Sie hatten das Aus der Kreisreform gemeinsam mit Woidke eingefädelt: Mittelmark-Landrat Wolfgang Blasig (SPD) als Vorsitzender des Landkreistages und Potsdams Oberbürgermeister Jann Jakobs (SPD) als Präsident des Brandenburger Städte- und Gemeindebundes. Sie riefen am Donnerstag zur einer gemeinsamen Konferenz der Regierung mit Kreisen und kreisfreien Städte über eine neue Verwaltungsreform auf. Jakobs sagte, es sei unverständlich, dass Schröter mit den kreisfreien Städten Sondergespräche führen wolle. Das zerstörte Vertrauen werde von den Ergebnissen abhängen. Blasig warnte vor zu hohen Erwartungen: In dieser Legislaturperiode seien ohnehin keine großen Würfe mehr zu erwarten. Feste Eckpunkte für eine Funktionalreform seien erst nach der Wahl 2019 zu erwarten. Das Ziel müsse es nun sein, trotz Fachkräftemangel und rückläufiger Bevölkerungszahl die Leistungen bürgernah zu erbringen.
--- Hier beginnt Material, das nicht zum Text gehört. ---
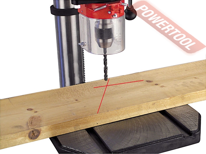 • Лазерный указатель оси сверления. Станок комплектуется лазерным устройством для отображения на поверхности заготовки центра предстоящего отверстия.
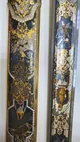 Клинки и ножны этого меча выполнены из драгоценных металлов: никеля, золота высшей пробы (толщина 10 мкм), а также украшены авторской ручной гравировкой. Детали, подчеркнутые техниками чернения, синения и эмали, добавляют мечу неповторимый шарм. Исключительное внимание к деталям не оставит равнодушным даже самого взыскательного заказчика.
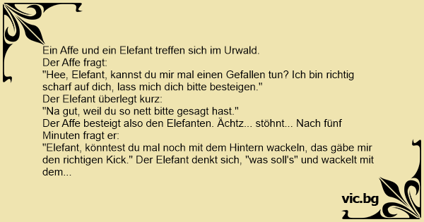 "Elefant, könntest du mal noch mit dem Hintern wackeln, das gäbe mir den richtigen Kick." Der Elefant denkt sich, "was soll's" und wackelt mit dem Аrsсh. Kurz darauf bekommt der Affe einen Оrgаsмus und steigt vom Elefanten.
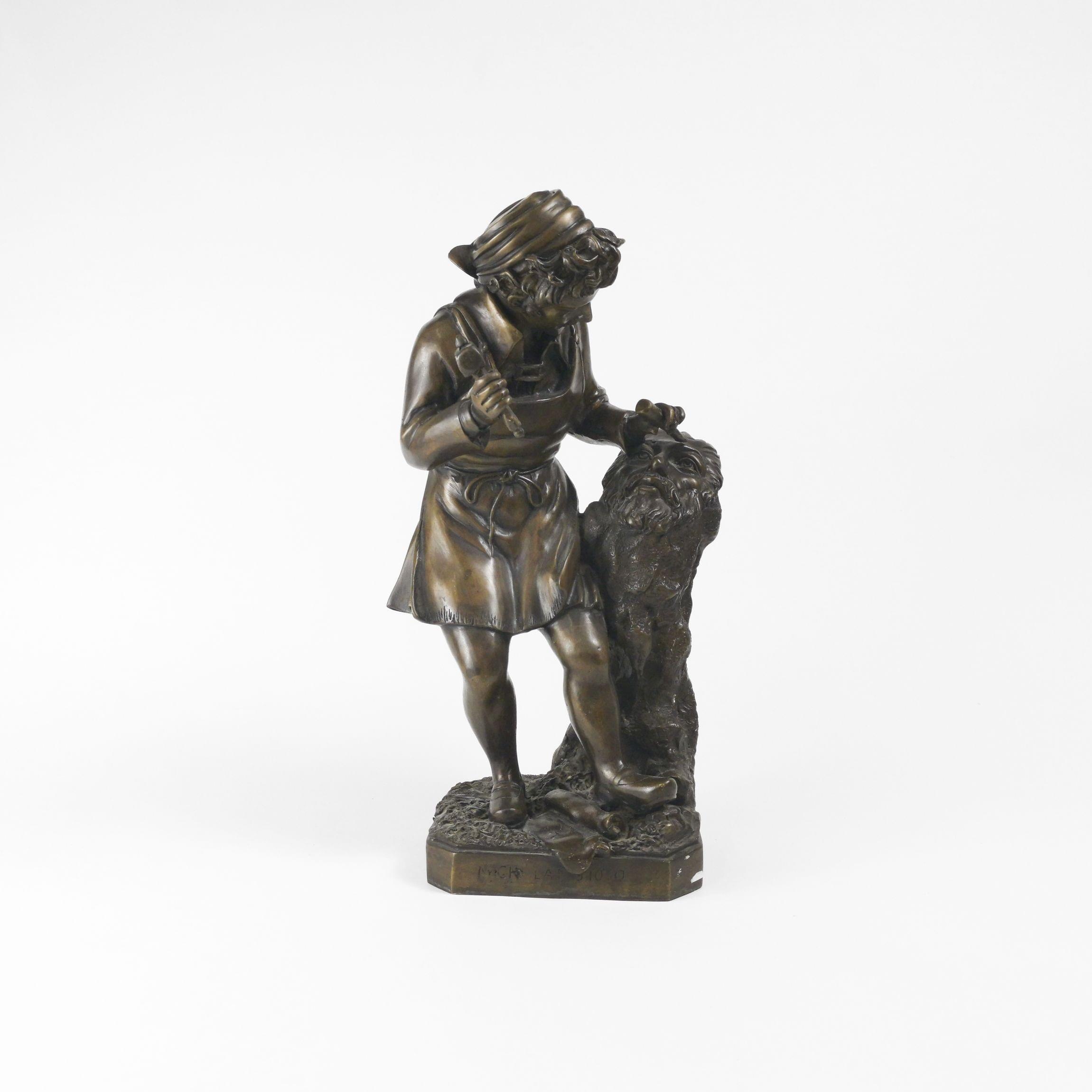 Michelange façonnant la tête d'un faune, alliage cuivreux, H 45 cm
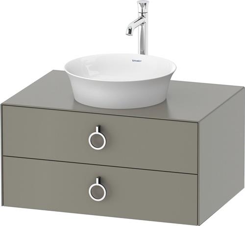 Duravit White Tulip Konsolenwaschtischunterbau wandhängend · 800x550 mm · Farbe Front: Stein Grau Seidenmatt · Farbe Korpus: Stein Grau Seidenmatt · Farbe Griff: Chrom Hochglanz · Anzahl Schubkasten: 2 · Anzahl Ausschnitte: 1 · Siphonausschnitt · Inkl. Konsolenpl
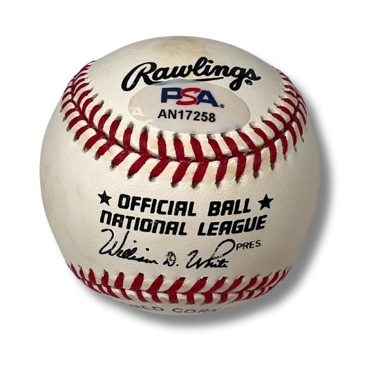 Ralph Kiner Autographed ONL Baseball with PSA/DNA Sticker Only - Signed on the sweet spot on this official National League William White, Pres. baseball.  The ball is NM and the signature is NM/MT+ and a great item to display in your collection.  PSA/DNA certified.
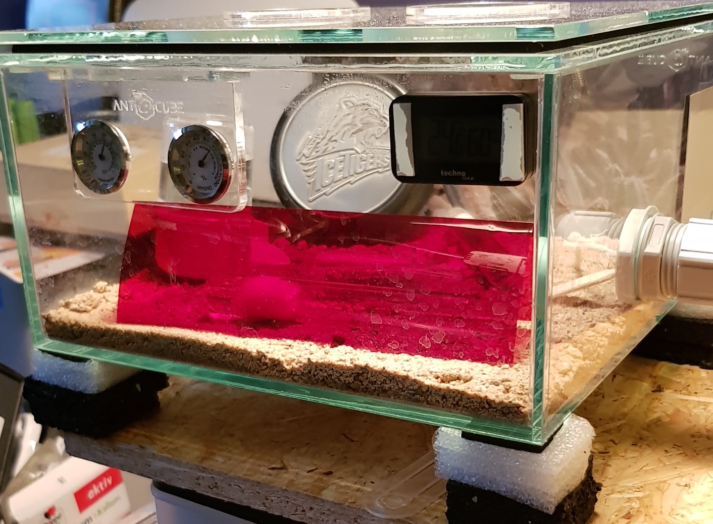 An Futter das verderben kann ist nur noch ein bisschen befeuchtetes Insektenprotein vom Antstore drin (nehm ich morgen raus), ansonsten nur Minor-Körnermischung und Wassertränke.
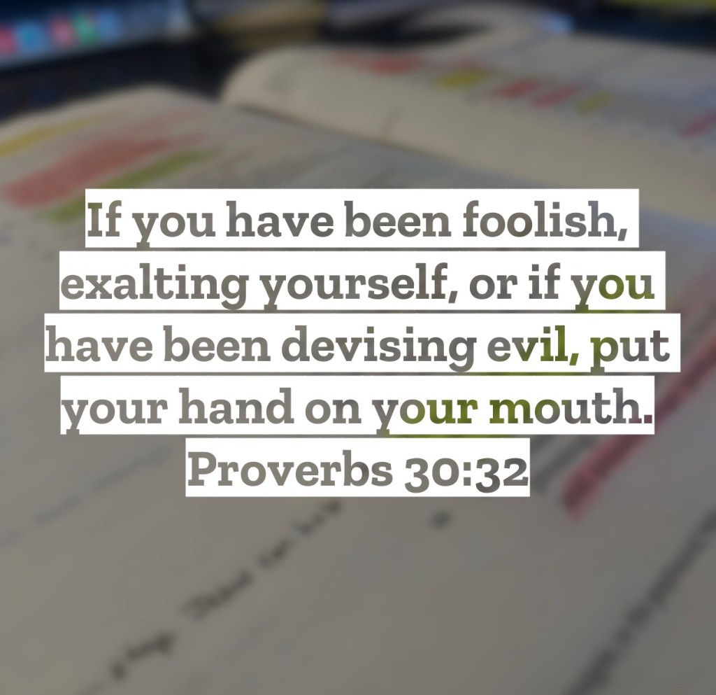 If you have been foolish, exalting yourself, or if you have been devising evil, put your hand on your mouth. Proverbs 30:32 – Chapter 30 is written by a different writer than King Solomon, a man named Agur. Outside of this chapter he is not spoken of elsewhere in scripture, so we don’t know anything else about him other than the collectors of the proverbs deemed him a wise man. We see in one of his final verses a simple, yet oh so powerful, nugget of wisdom being given. If someone had been foolish, if they had been prideful and boasting about themselves, if they had been devising evil, if they had been doing all the things Proverbs up to this point had been directing people not to do…they should stop. Put your hand over your mouth, stop talking, and stop behaving in such a way. A very simple direction, yet life changing if followed. My desire is that people today acknowledge and recognize this can be their story to. Yes, they may have been foolish, prideful, evil, and doing everything scripture says not to do. That though doesn’t have to be their forever story, they can stop. Jesus is able to free us from the bonds of sin and the grip of Satan. He can break addictions, and He can change hearts. With Jesus’ help you can stop. Maybe that’s a message you needed to hear today spoken over your struggle with sin. Stopping is possible with Jesus. Freedom is possible with Jesus. Confess this sin to the Lord, bring the brothers and sisters of Christ that God has given you into this struggle, and lean daily on His help. God can help you put your hand on your mouth. God is able to help you stop; embrace His help. I love you, but Jesus loves you more – Mac – Daily DEVO 2938
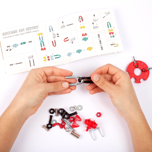 Seznamte se s ArtBitem, kuchařem a robotem plným kreativních nápadů, který je hlavním mozkem milionů vynálezů. Tento robot, který obsahuje sortiment barevných matic, šroubů a tvarově tvarovaných dílů, má dar vytváření. Popusťte uzdu své fantazii. Tato sada umožňuje vytvoření tří modelů s dalšími nekonečnými možnostmi pro vaše vlastní kreativní nápady. Jedná se o hračku, která pomáhá mladým lidem růst v oblastech vědy, technologie, inženýrství, umění a matematiky. Hračky OffBits také podporují rozvoj jemné motoriky, prostorové představivosti, řešení problémů a nápadité hry. Co můžete postavit:ArtBit, robota dítěBit, a SfingaBit plus nekonečné množství jedinečných výtvorů, které můžete postavit pomocí své fantazie. Máte kolem sebe karton, šroubky nebo jiné zábavné materiály? Vylepšujte s předměty každodenní potřeby a vytvořte také své vlastní jedinečné vynálezy. Hlavní vlastnosti: obsahuje nářadí pro sestavení stavebnicekompatibilnost s každodenními předmětyrozvoj kreativity, jemné motoriky i logického myšlenívhodné od šesti let3 v 1

Gesetz zur Landrätewahl angepackt

Im Sommer hatte der Landtag mit rot-roter Mehrheit für die Kreisreform per Gesetz die Amtszeiten von mehreren Landräten in Fusionskreisen – Elbe-Elster, Ostprignitz-Ruppin, Spree-Neiße, Uckermark, Oberspreewald-Lausitz und Barnim – verlängert auf die Zeit nach der Kommunalwahl 2019, die Direktwahl danach ausgesetzt. Das ist nun nicht mehr haltbar durch den Wegfall der Kreisreform – die Grundlage fehlt. Die CDU hatte rechtzeitig für das Novemberplenum eine Gesetzesnovelle zu den Amtszeiten einbracht, die den alten Zustand wiederherstellt. Rot-Rot und Innenministerium hatten die Fristen verpasst. SPD und Linke besserten nun aber noch einmal nach mit einer Übergangsvorschrift. Städte und Gemeinden mussten schriftlich angehört werden, der Innenausschuss hielt am Mittwochabend noch eine Sondersitzung ab. Am Donnerstag soll die Novelle dann beschlossen werden. Ein Beispiel: In Oberspreewald-Lausitz endet die reguläre Amtszeit von Landrat Siegurd Heinze (parteilos) bereits am 12. Februar. Weil eine Landratswahl aber 102 Tage vor dem Wahltag bekannt gegeben werden muss, Wahlvorbereitungen nötig sind, sollen er und andere Ländräte kurze Zeit länger im Amt bleiben können – für einen Übergang. Denn die Wahl eines neuen Landrats muss in den letzten fünf Amtsmonaten der amtierenden Landräte stattfinden.